Farklı yeme alışkanlıkları ediniyoruz. Yeni tatlar önyargılarımızı çürütüyor. Daha önce denemediğimiz mutfakları tanıyoruz. Zeytinyağlı sarma güzel evet ama dünyanın her yerinin kendine özgü çok lezzetli yerel yemekleri var. Denedikçe seviyor, sevdikçe bu tarifleri evimize taşıyoruz.

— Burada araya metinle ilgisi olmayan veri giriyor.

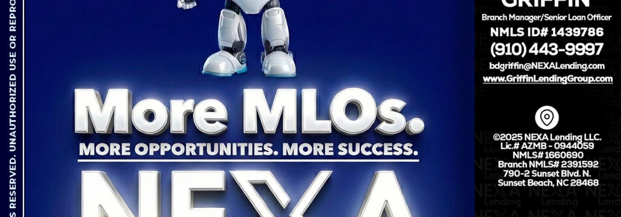 Hi, my name is Brian Griffin. I’m a Loan Officer with NEXA Lending LLC., offering personalized mortgage solutions, fast customized quotes, great rates and service with integrity.
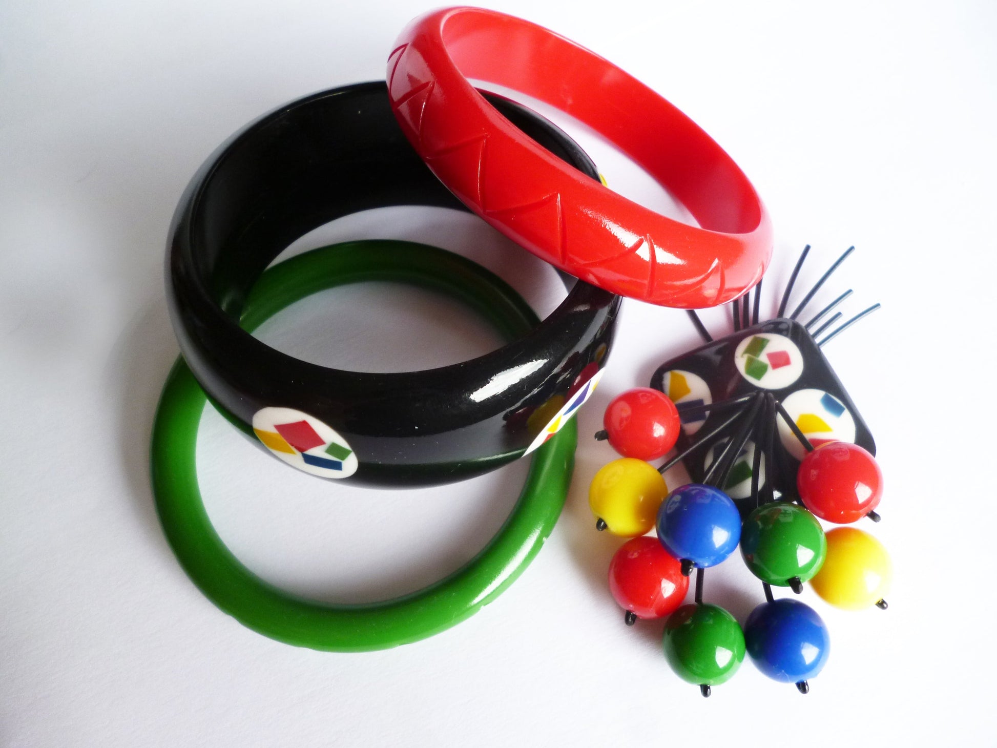 The inspiration for this set came from original 1940s dot and confetti Bakelite bangles in lovely, bright primary colours.
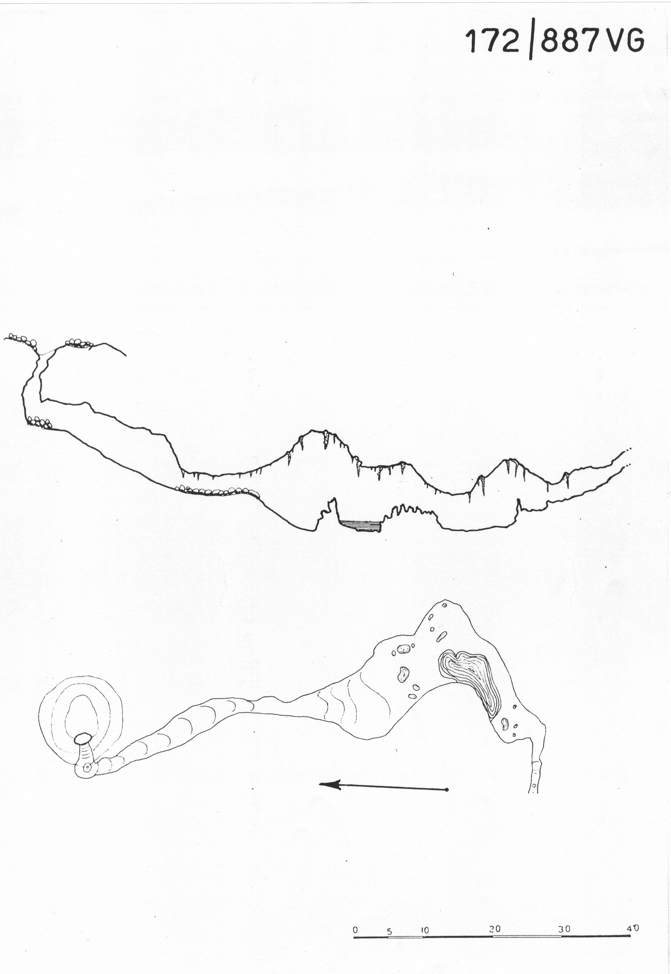 Con una corda lunga 10 m. si può facilmente discendere lungo le pareti del primo tratto della caverna, che ha presso a poco la forma d' un pozzo inclinato. Si arriva sopra un piccolo ammasso di pietre e da là si discende per una china lunga 37 m., la quale conduce in una sala abbastanza spaziosa e ricca di bellissime concrezioni calcaree. Il tratto che conduce dal pozzo iniziale a questa sala è un corridoio alto nel mezzo 5 m. e largo 2.50 m. mentre alla fine non ha che 1.80 m. di altezza. Questo corridoio corrisponde ad una fessura diaclassica; il terreno del medesimo è ricoperto da un grosso strato di humus nero che viene trasportato colà, attraverso l'entrata, dal bosco soprastante. La sala alla quale si accede, passando sopra una china incrostata di calcare, è lunga 45 m. e si suddivide in 3 scompartimenti, il primo dei quali ha le dimensioni di 13:11 m., il secondo 9:12.50 ed il terzo 9.50:5. Bellissime, grandi stalammiti con riflessi bianchi s'ergono ovunque; nel mezzo di due gruppi di stalammiti trovasi un bacino contenente dell'acqua limpida e fresca (12°C). Qui rinvenni alcuni esemplari della Bathyssia Khevenhülleri Miller.
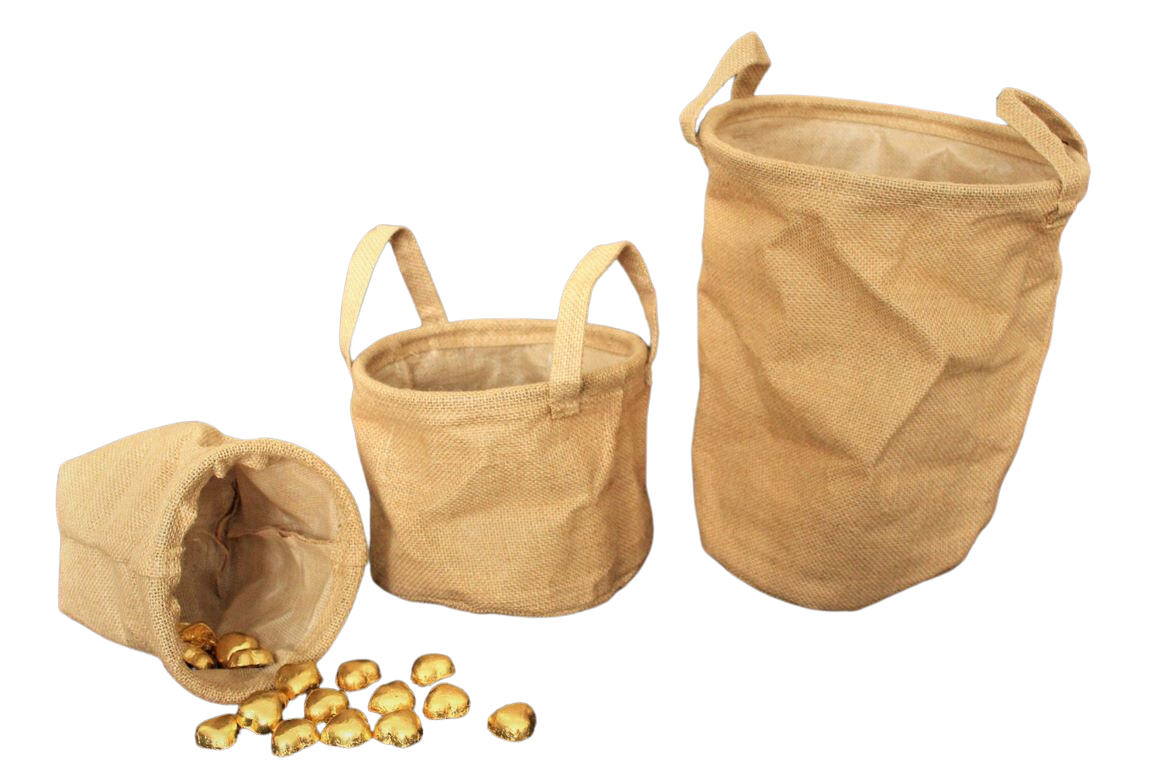שקי יוטה עגולים עם בסיס ועם ידיות
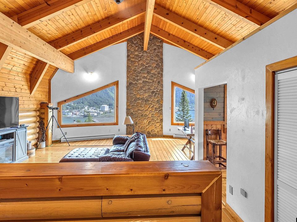 Impressive and Impeccable! This superbly updated home on a highly coveted street in Douglas offers a modern farmhouse feel and versatile floorplan. It has two living areas, both with large great rooms and incredible views of the Gastineau Channel. The top level features soaring tongue-in-groove cathedral ceilings; a gorgeous, remodeled bathroom with a beach house vibe; a large primary bedroom with custom closet; and a functional kitchenette. The main level has a beautifully upgraded kitchen with butcher block counters, a new gas stovetop, and pantry; spacious great room with a pellet stove; updated bathroom with teak counters; and access to a large custom deck. The extensive list of upgrades and improvements will be given to prospective buyers. Be sure to schedule your tour of this unique home soon.
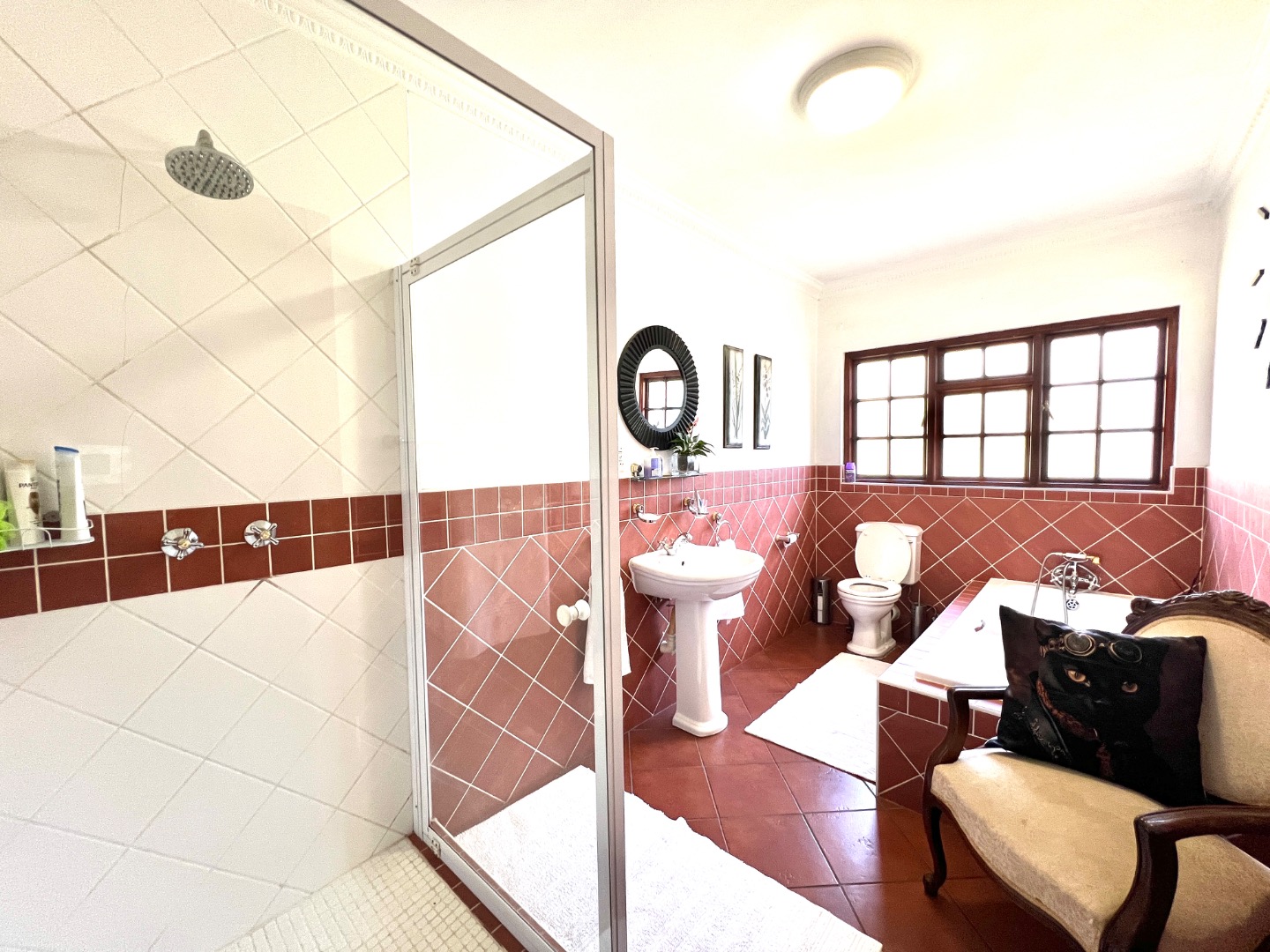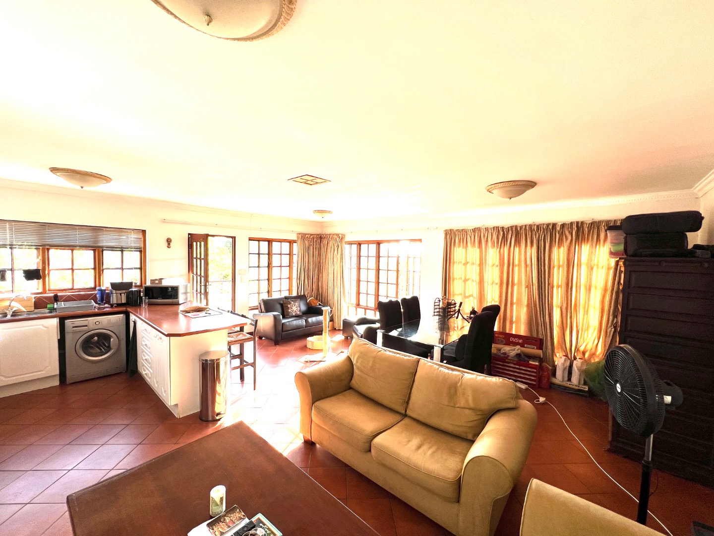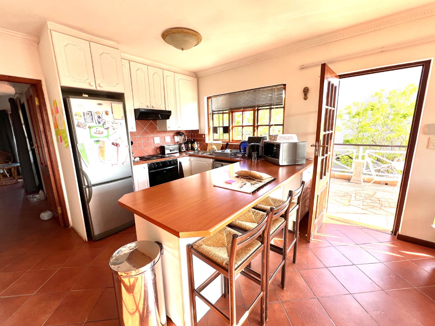 - A warm, farm-style kitchen, Gas Stove & electric Oven, serene garden views, flowing into a scullery with walk-in pantry, ample space for all your appliances, and direct access to the double garage.

Dünyanın her tarafından daha çok insan tanımak hobimiz oluyor. Facebook arkadaş listemiz haritada genişliyor. Günlük ya da hayati konuları tartışabileceğimiz, ya da sadece eğleneceğimiz yepyeni insanlar hayatımıza giriyor.

3

Anlatacağımız daha çok hikayemiz oluyor. Konuşacak konumuz artıyor. Daha merak edilen, daha çok dinlenen, daha çok okunan bir insan haline geliyoruz. Çevremizdeki insanlar hikayelerimizden ilham alıyor, onların da hayatlarını olumlu yönde etkiliyoruz. Yani birey olarak sadece kendimize değil, yaşadığımız sosyal çevreye de faydamız dokunuyor.

 

Seyahat etmek tarihi bir bina ya da müze görmekten daha fazlası. Hem bizi hem de çevremizi değiştiriyor; bize öğretiyor, kendimizi geliştirmemize yardımcı oluyor ve deneyimlerle hayatımızı renklendiriyor. Bu sene de hayatımızdan eksik olmaması dileğiyle!

 

Peki seyahat etmek size ne katıyor? Yorumlarda yazın, tiwitleyin ya da facebook sayfamıza yazın.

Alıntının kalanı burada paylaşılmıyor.